EU membership 'clearly positive' for Poland: anniversary report
Poland's first year as a member of the European Union was 'clearly positive' for the country, which has benefited notably from a better international reputation and stronger economy, a government report said Wednesday.
"We end our first year in the European Union on a clearly positive note," Prime Minister Marek Belka told reporters at a press conference where the report was officially presented.
"Although the situation did not improve everywhere, I challenge you to show me an area in which it deteriorated" since Poland joined the EU on May 1 last year, he said.
The report points to the growth of foreign direct investment which last year amounted to nearly 7.9 billion dollars (6.04 billion euros) in 2004, an increase of 23 percent compared with 2003 and the highest inflow over the last four years.
Exports from Poland to other EU member states grew by 35 percent between May and December last year compared with the same period in 2003.
Poland received 1.45 billion euros more in EU funds than the new member state paid into EU coffers.
"Agriculture benefited to the tune of 7.5 billion zlotys (1.8 billion euros)" from the EU, Belka said.
The most pessimistic of scenarios warned of by EU-naysayers before Poland joined the union -- massive bankruptcies among Polish small- and medium-sized businesses, produce from other EU countries flooding the market, foreigners buying up property in Poland, and a mass exodus of Polish workers in search of jobs elsewhere in the union -- did not materialise, said the report.
As a result "social mood and perception of the European Union and our membership therein have changed.
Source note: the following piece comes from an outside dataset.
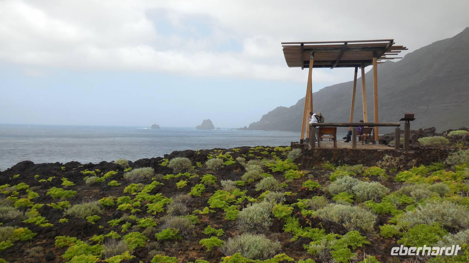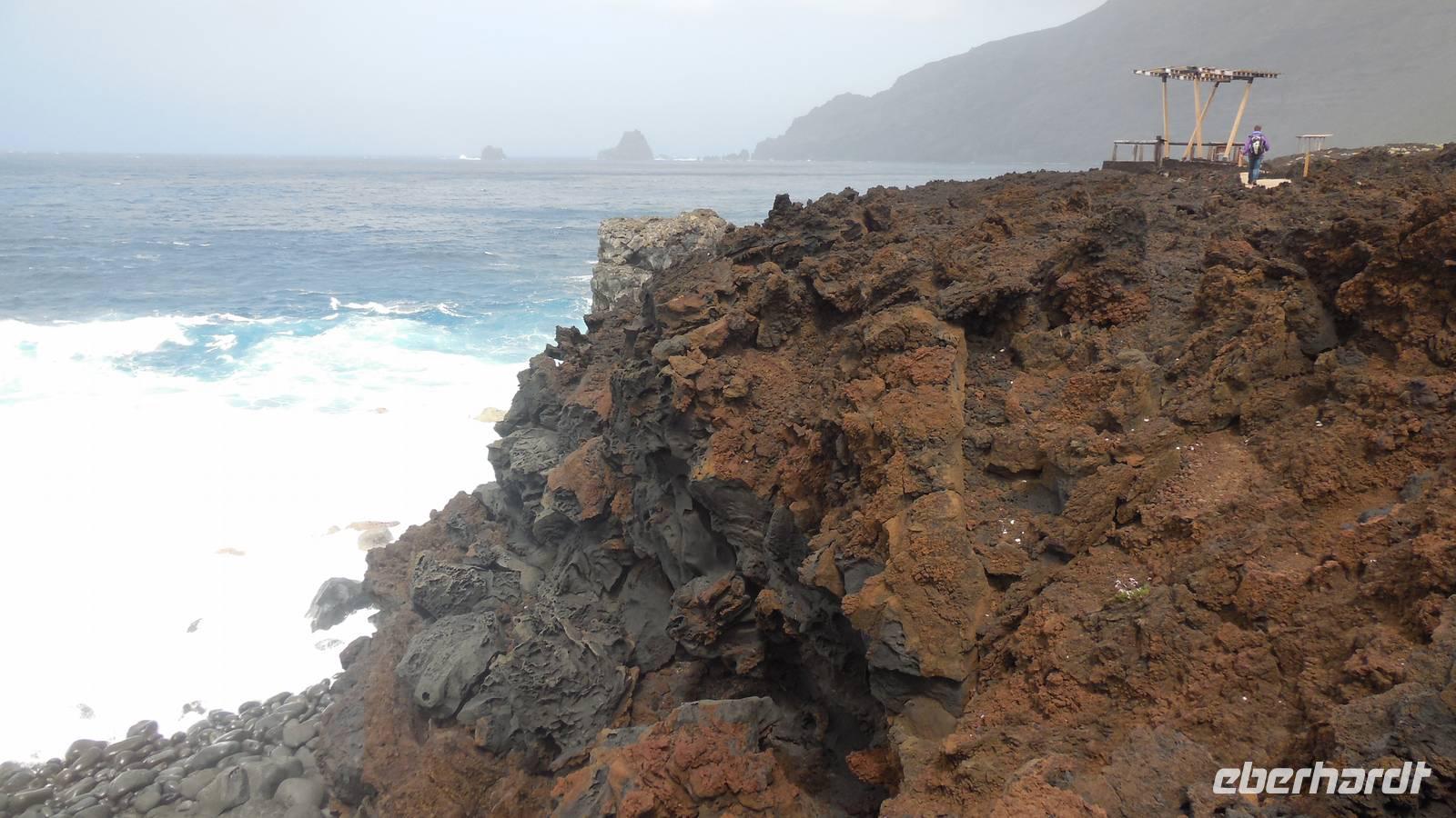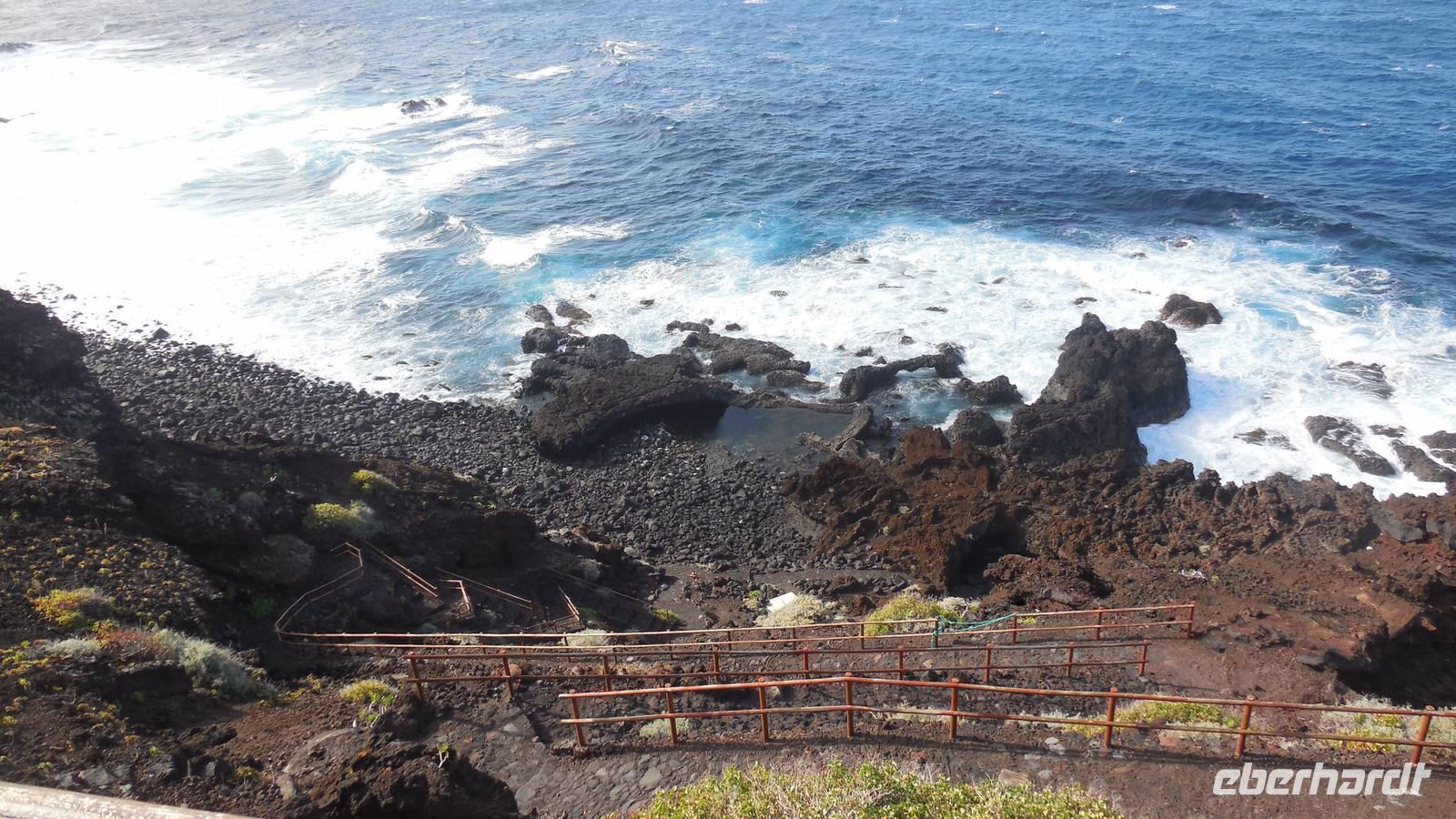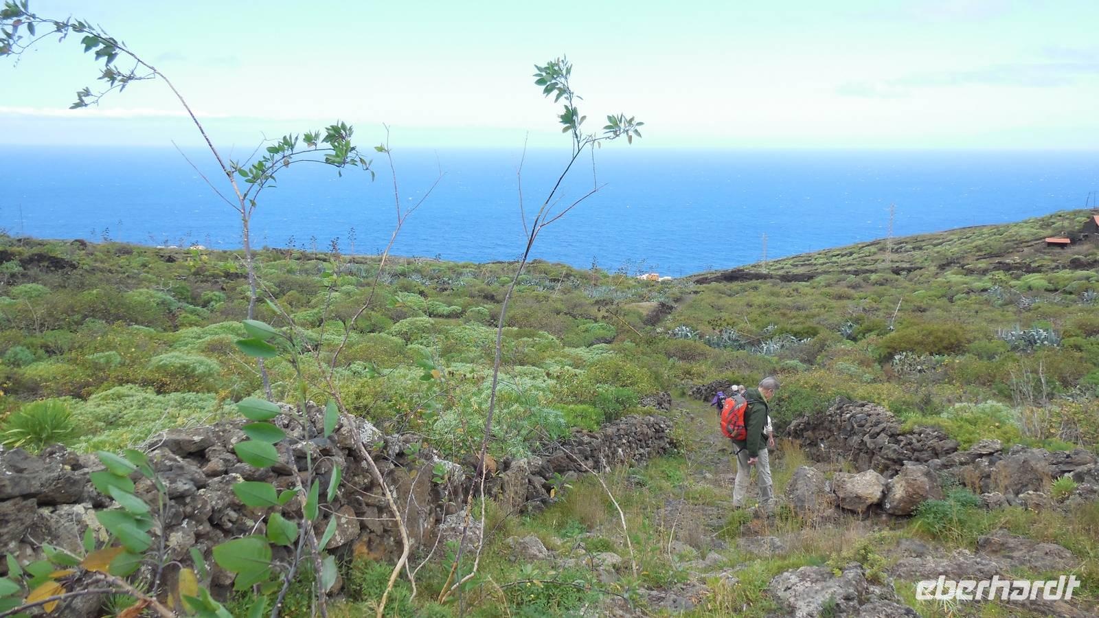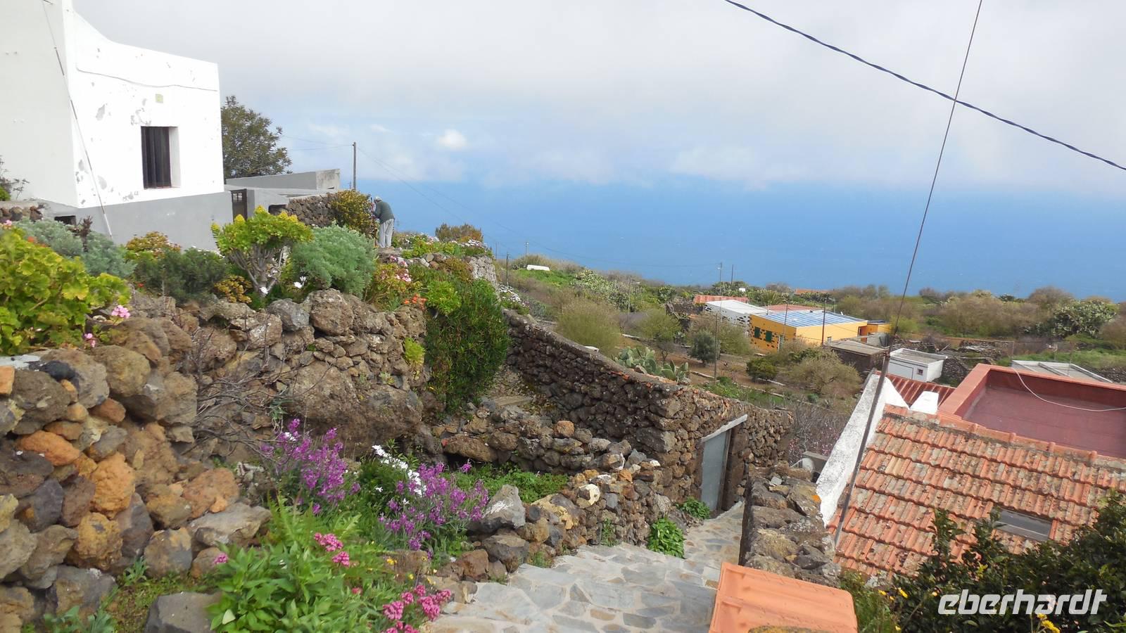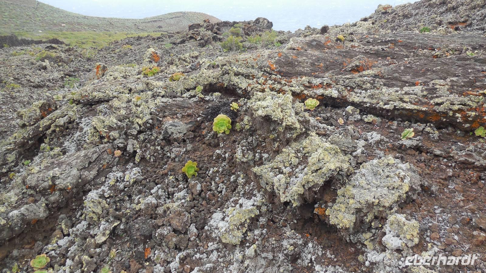Nach einem leckeren Frühstück starten wir heute etwas später gen Küste, denn wir wollen ins Tal bis an die Badestelle bei La Caleta wandern. Heute gibt es außnahmsweise mal keinen dichten Nebel, dafür aber einen ziemlich starken Wind. Unser Weg führt uns zunächst ins idyllische Dörfchen Echedo, welches aufgrund seiner günstigen Lage und seiner fruchtbaren Erde bei Einsiedlern besonders beliebt ist. Nach einer kleinen Rast auf dem Dorfplatz an der Dorfkirche, an dem auch die Dorffeste stattfinden, geht es weiter durch die Weinterrassen in das Lavagebiet. Viele verlassene Häuschen stehen hier. Diese wurden oft von früheren Einwohnern, welche nach Venezuela ausgewandert sind, zurückgelassen. Außer Wein und Steinrosen gedeiht hier auf dem Lavagestein nicht viel. Immer tiefer kommen wir in das Lavagebiet und bald besteht unser Weg noch aus Geröll und schönen grünen Steinrosen. Wir finden hübsche Lavasteine, mitunter blau-lila-rot gefärbt. Gut aufpassen müssen wir hier, denn als wir den Bergkamm entlang gehen, gähnt links neben uns sogleich der Abgrund. El Hierro ist eine sehr steile Insel, wie wir heute deutlich bemerken. Wir haben die ganze Zeit das blaue Meer im Blick, zwischendurch sehen wir von weiten sogar die Spitze des Teide über den Wolken. Eine Mittagsrast legen wir an der Wegkreuzung zwischen Malpaso, Valverde, Echedo und Valverde ein. Hier haben wir einen tollen Blick auf das untenliegende Dörfchen Tamaduste und den Flughafen von El Hierro. Wir verschnaufen eine Weile und lassen die Aussicht auf uns wirken. Dann geht es weiter hinunter ins Tal, vorbei oberhalb von Tamaguste am Berg entlang nach La Caleta. Reiseleiter Ralf zeigt uns interessante Gewächse, wie die Wolfsmilchbäume. Merkwürdigerweise finden wir auf dieser Strecke, hoch oben auch Muscheln und große Schneckengehäuse.

The fears have sometimes given way to conviction of enhanced opportunities," said the report.
"For example, Polish SMEs, after the experiences of the first months of our presence in the union, mostly support membership, seeing it as providing development opportunities.
"The largest growth in support for accession was noted in farming and food production sectors where it went up from 20 percent to over 70 percent in just a few months," said the report, noting that "the incomes of persons making livings out of farming or trade in food produce went up".
In terms of Poland's growing importance on the international political scene, the report noted that Poland helped make "the European Union more open to Ukraine" and that Warsaw has had an "impact on the decision-making process, shaping of policies and legal acts of the European Union."
Poland "exerted significant influence on the course of the discussion on the shape of... the Union's budget for the years 2007 - 2013, whose biggest beneficiary should be Poland," it said.